The /setup skill walks you through Socratic questions to determine your stack (language, framework, testing approach, deployment target), then scaffolds and configures the project. It works with any language — Node/TypeScript is the recommended default for web projects, but the skill adapts to Python, Go, Rust, C/C++, and more.

What happens during setup:

Step What Happens
Discovery Socratic questions determine your stack, language, and project goals
Init Creates project structure and initializes git
Dependencies Installs tooling appropriate for your stack
Scripts Copies enforcement scripts into scripts/
Hooks Sets up pre-commit and pre-push git hooks
Configs Copies linter, formatter, and environment configs
CLAUDE.md Generates tailored CLAUDE.md files for global and project scope

Works on macOS, Linux, and Windows.

3. Start building

git add -A && git commit -m "Initial project setup"

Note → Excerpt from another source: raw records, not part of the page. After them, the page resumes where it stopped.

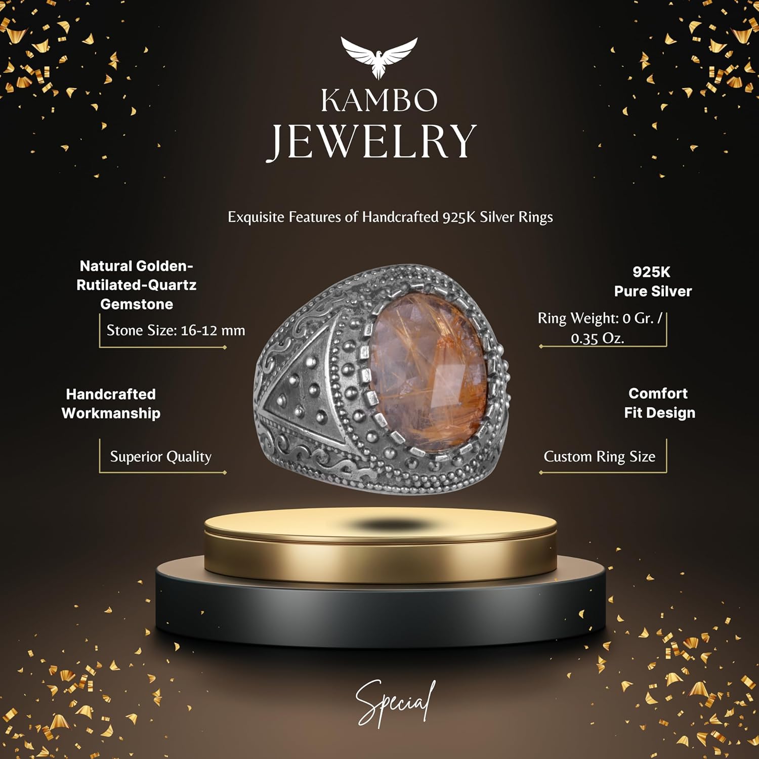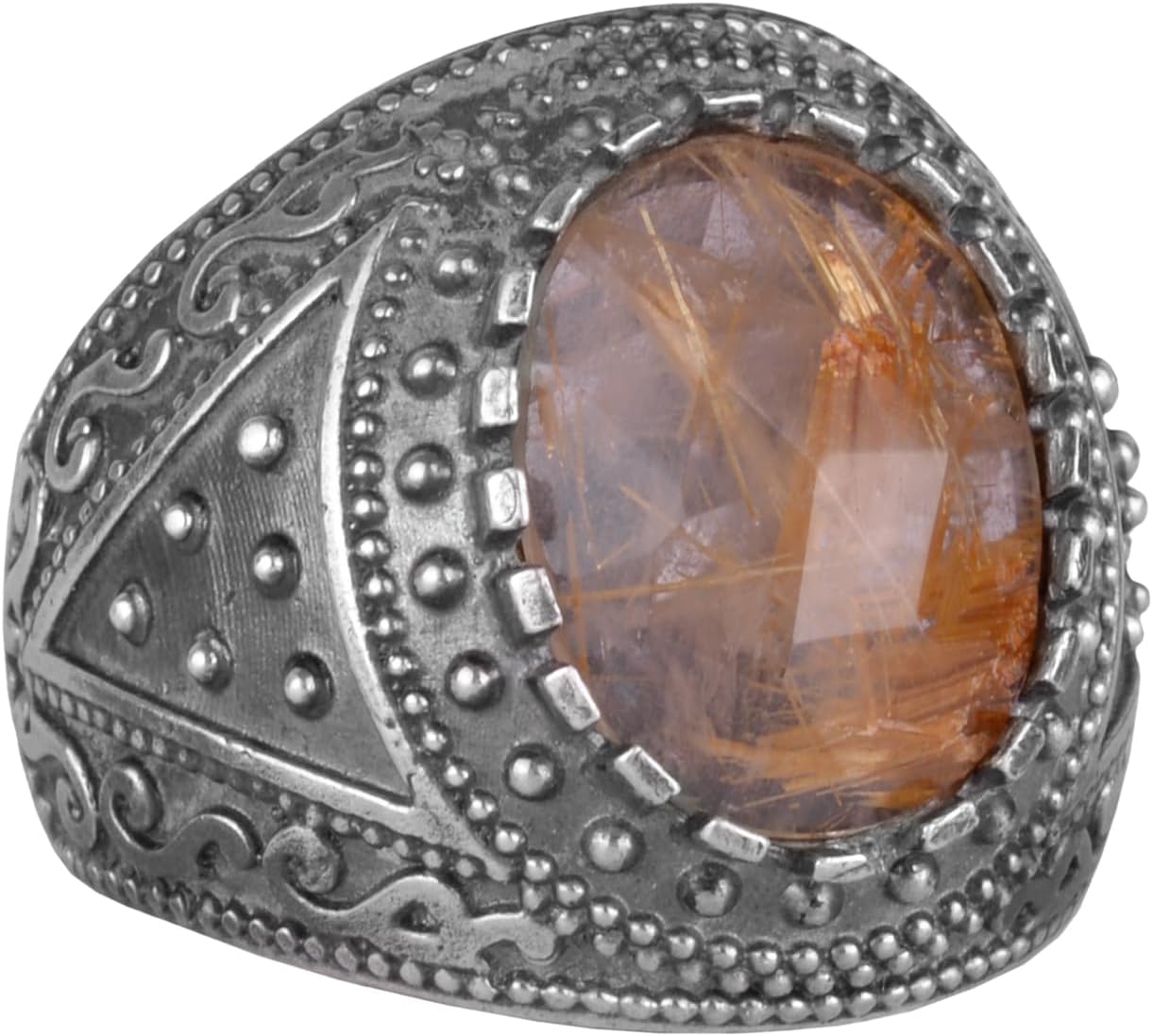 Gerçek Doğal Taş Yüzük, 925K Katı Gümüş Erkek Yüzüğü (Rutilatlı Kuvars)
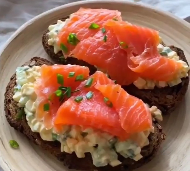 Сварите 2 яйца вкрутую. Мелко порежьте яйца, свежий огурец, зеленый лук. Добавьте 2 ст. л. сметаны, 1 ч. л. горчицы, соль и перемешайте. Поджарьте ломтики черного или белого хлеба, выложите на них яичный салат, сверху положите кусочки красной рыбы, украсьте зеленым луком.
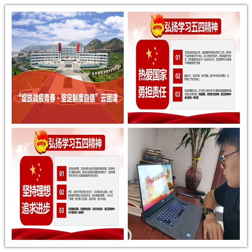 青春由磨砺而出彩,人生因奋斗而升华。“传承五四精神,绽放战疫青春” 系列主题教育活动,通过“云团课”、“云接力”、“云分享”等多种形式,深化了青年学生思想政治引领,将团员教育实效与疫情防控要求相结合,教育引导广大青年传承“五四”精神,厚植爱国情怀,坚定制度自信,牢记青春使命。
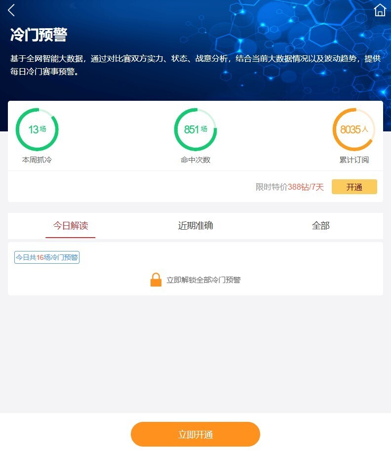 【冷门预警】发布高能警报:今日多场重点赛事冷门指数爆表,部分场次冷门预警值已达到7分速来锁定详情!
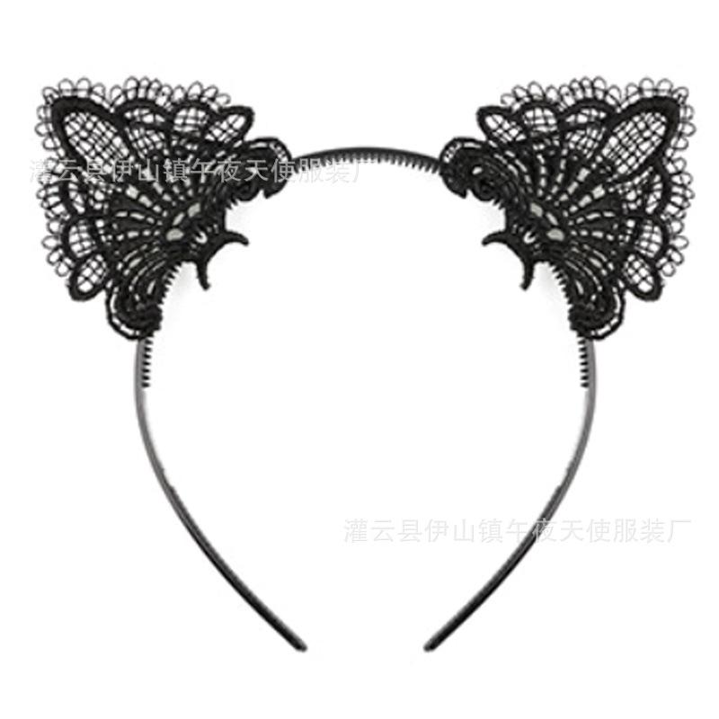 Accesorios de lencería sexy estilo coreano linda diadema con orejas de gato de encaje hueco diadema con orejas de gato diadema decorativa para niña gato 02
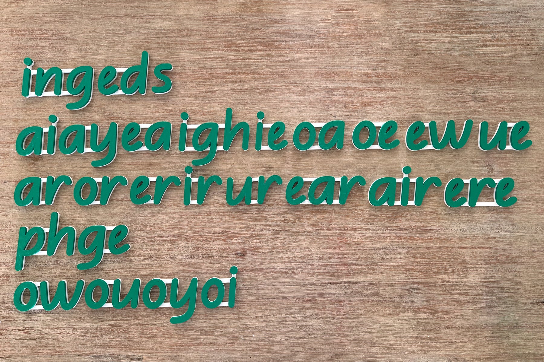 Biodegradable 3D printed plastic, easy to handle, letters 40-60mm high, 8mm thick and match the standard New Zealand handwriting script used in junior classrooms.
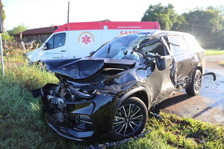 Um veículo Tiggo, com placas de Itaipulândia, seguia no sentido Itaipulândia/Missal quando colidiu violentamente na lateral de um caminhão Volkswagen, emplacado em Santa Helena, que se deslocava no sentido oposto, Missal/Itaipulândia, e acessava a Linha Progresso.
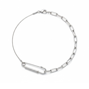 異なる個性が響き合う、現代的な調和。繊細なアズキチェーンと、無骨なオーバルリンクをアシンメトリーに繋ぎ合わせたコンビネーションネックレス。 「相反する要素の共存」をテーマにした、遊び心あふれる一本です。アクセントとして配されたセーフティピン(安全ピン)モチーフが、 クリーンなシルバーの輝きに、ほどよいストリート感とモードな表情をプラスします。 見る角度によって印象を変えるデザインは、 シンプルな装いに一点投入するだけで、今の空気感を纏わせてくれます。
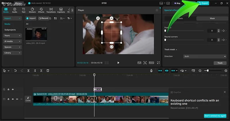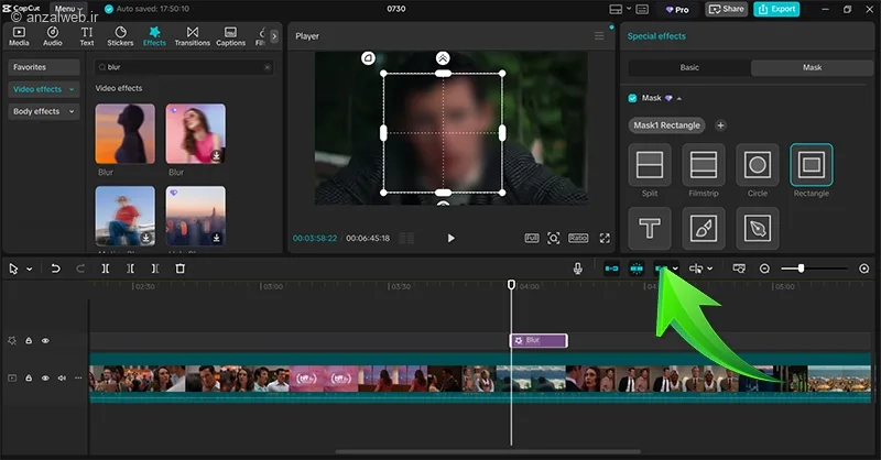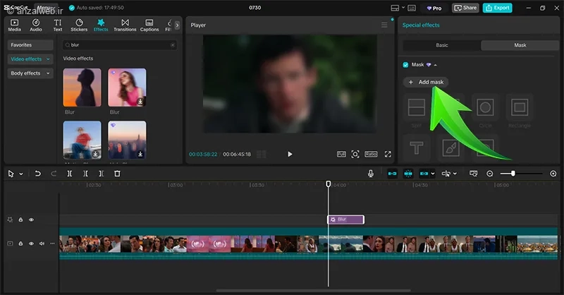 همچنین میتوانید با استفاده از گزینه «اضافه کردن ماسک»، به صورت دستی محل قرارگیری کادر محو را در قسمتهای مختلف ویدیو تغییر دهید.

The pre-commit hook runs automatically. If everything passes, your harness is active.


What You Get

harness-engineering/
├── .claude-plugin/
│   └── plugin.json               # Plugin manifest
├── skills/setup/
│   ├── SKILL.md                  # Main orchestrator — runs on /setup
│   ├── scripts/
│   │   ├── init-project.js       # Node/TS project scaffolding
│   │   ├── install-enforcement.js # Copies enforcement tooling into target project
│   │   ├── generate-claude-md.js # Generates tailored CLAUDE.md files
│   │   ├── lib/
│   │   │   ├── check-secrets.js      # Blocks commits containing API keys or tokens
│   │   │   ├── check-file-sizes.js   # Blocks files over 300 lines
│   │   │   ├── validate-docs.js      # Warns when CLAUDE.md drifts from code
│   │   │   ├── generate-docs.js      # Auto-regenerates CLAUDE.md sections from source
│   │   │   └── generate-docs-helpers.js
│   │   └── hooks/
│   │       ├── pre-commit            # Runs all checks on every commit (<2s)
│   │       └── pre-push              # Runs test suite before push (with smart caching)
│   ├── templates/
│   │   ├── global-claude.md          # Cross-project standards (TDD, quality, conventions)
│   │   ├── project-claude.md         # Per-project guidance (architecture, commands, gotchas)
│   │   ├── eslint-base.js            # Baseline ESLint rules
│   │   ├── lint-staged.config.js     # Auto-fix on staged files
│   │   ├── .prettierrc               # Code formatting
│   │   ├── .gitignore                # Standard gitignore
│   │   └── .env.example              # Environment variable placeholder
│   └── references/                   # Stack patterns, enforcement docs, CLAUDE.md guide
├── tests/                            # Tests for plugin development
└── README.md                         # You are here

How It Works

Two-Tier CLAUDE.md System

Claude Code reads CLAUDE.md files at two levels. The global file sets universal standards. The project file provides project-specific context.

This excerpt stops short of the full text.